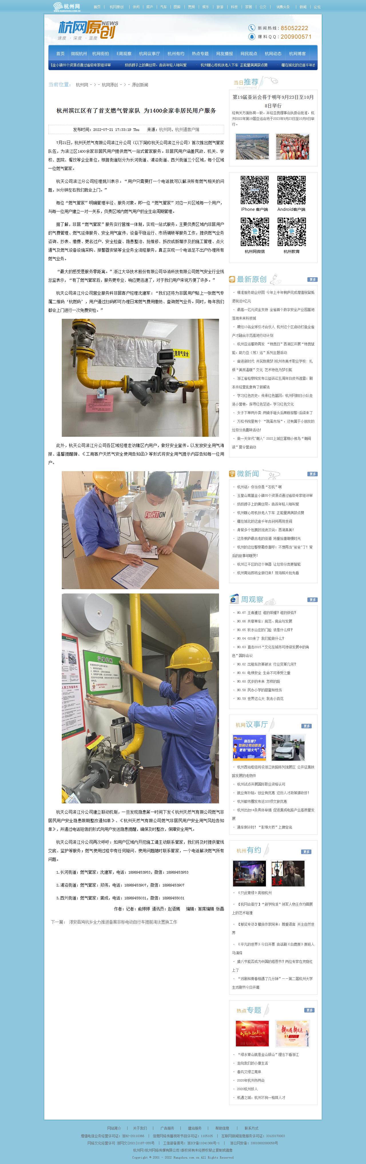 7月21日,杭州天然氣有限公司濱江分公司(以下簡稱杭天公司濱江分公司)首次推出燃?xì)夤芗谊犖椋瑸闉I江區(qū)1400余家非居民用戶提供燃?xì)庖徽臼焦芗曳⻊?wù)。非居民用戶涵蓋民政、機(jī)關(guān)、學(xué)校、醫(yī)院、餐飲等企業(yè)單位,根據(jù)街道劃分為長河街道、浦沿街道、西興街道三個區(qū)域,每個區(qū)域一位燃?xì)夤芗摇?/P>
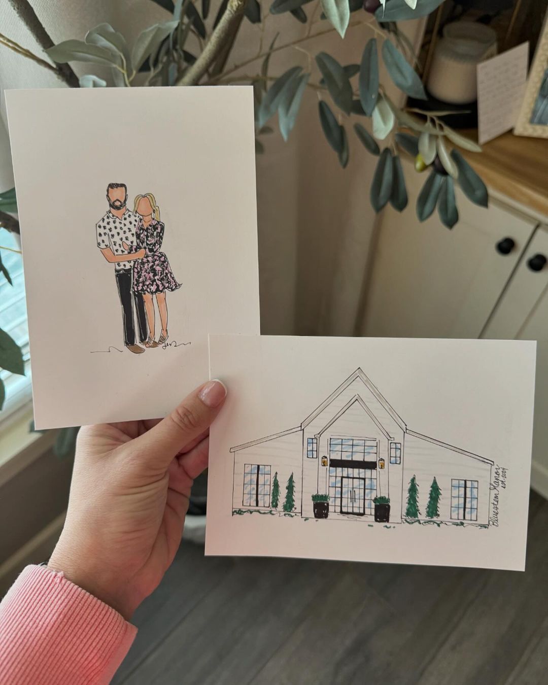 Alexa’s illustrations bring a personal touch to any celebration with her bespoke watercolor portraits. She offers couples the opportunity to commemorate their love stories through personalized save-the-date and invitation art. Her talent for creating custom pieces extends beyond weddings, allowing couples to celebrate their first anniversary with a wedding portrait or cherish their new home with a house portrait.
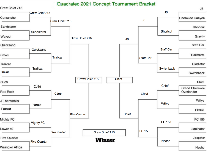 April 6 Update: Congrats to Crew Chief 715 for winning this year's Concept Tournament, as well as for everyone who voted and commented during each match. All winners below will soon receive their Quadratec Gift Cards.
* * *
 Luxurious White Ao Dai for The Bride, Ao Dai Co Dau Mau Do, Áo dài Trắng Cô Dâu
---
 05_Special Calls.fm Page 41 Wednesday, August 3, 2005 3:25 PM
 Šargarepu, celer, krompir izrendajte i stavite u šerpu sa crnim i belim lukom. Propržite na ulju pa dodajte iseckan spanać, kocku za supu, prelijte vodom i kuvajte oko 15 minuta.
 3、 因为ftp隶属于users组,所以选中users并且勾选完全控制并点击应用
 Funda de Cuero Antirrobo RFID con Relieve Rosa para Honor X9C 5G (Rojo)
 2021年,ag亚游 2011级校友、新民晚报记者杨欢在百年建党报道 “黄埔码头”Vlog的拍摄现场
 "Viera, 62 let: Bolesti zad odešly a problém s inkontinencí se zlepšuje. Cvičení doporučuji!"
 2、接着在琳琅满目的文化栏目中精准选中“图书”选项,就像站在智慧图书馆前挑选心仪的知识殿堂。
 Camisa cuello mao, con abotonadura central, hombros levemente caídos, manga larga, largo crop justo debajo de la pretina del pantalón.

▶ [Exercise goal]
Begin at the line that has "62 let: Bolesti" in the entries above; stop after the line that has "Camisa cuello mao, con". Transcribe exactly those lines and no others.

▶ [Task answer]
 "Viera, 62 let: Bolesti zad odešly a problém s inkontinencí se zlepšuje. Cvičení doporučuji!"
 2、接着在琳琅满目的文化栏目中精准选中“图书”选项,就像站在智慧图书馆前挑选心仪的知识殿堂。
 Camisa cuello mao, con abotonadura central, hombros levemente caídos, manga larga, largo crop justo debajo de la pretina del pantalón.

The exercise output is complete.